* [Action item]
The answer is to be the lines below that lie between the line holding "так же приклеиваем" and the line holding "Woolberetset Ruched Strapless", inclusive, transcribed exactly and free of pictures.
(Material for the task begins)
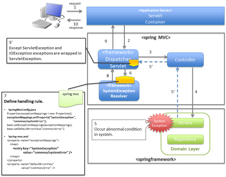 WebMvcConfigurerインタフェースを実装(もしくは<mvc:annotation-driven>を指定)した際に、自動的に登録されるクラスと共通ライブラリから提供しているSystemExceptionResolverを使用する。詳細は、サーブレット単位でフレームワークがハンドリングする場合の基本フローを参照されたい。
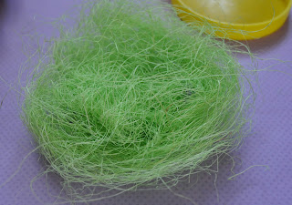 так же приклеиваем желтый сизаль в серединки скорлупы.
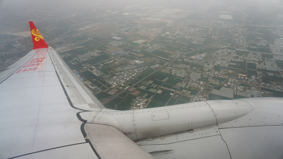 西安の街が見えてきましたが、かなり空気がかすんでる感じです。
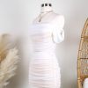 Woolberetset Ruched Strapless Mini Mesh Dress in White
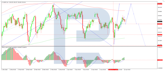 On the H4 chart, USD/JPY formed a consolidation range around the 159.02 level and broke higher to 159.62. A correction to 159.02 is likely, followed by a possible rise to 160.44. Subsequently, a move lower towards 157.70 may develop, with a potential extension to 156.00. Technically, this scenario is confirmed by the MACD indicator, with its signal line above the zero level and pointing firmly upwards, reflecting the potential for the upward move to continue.
(Material for the task ends)
* [Solution]
 так же приклеиваем желтый сизаль в серединки скорлупы.
 西安の街が見えてきましたが、かなり空気がかすんでる感じです。
 Woolberetset Ruched Strapless Mini Mesh Dress in White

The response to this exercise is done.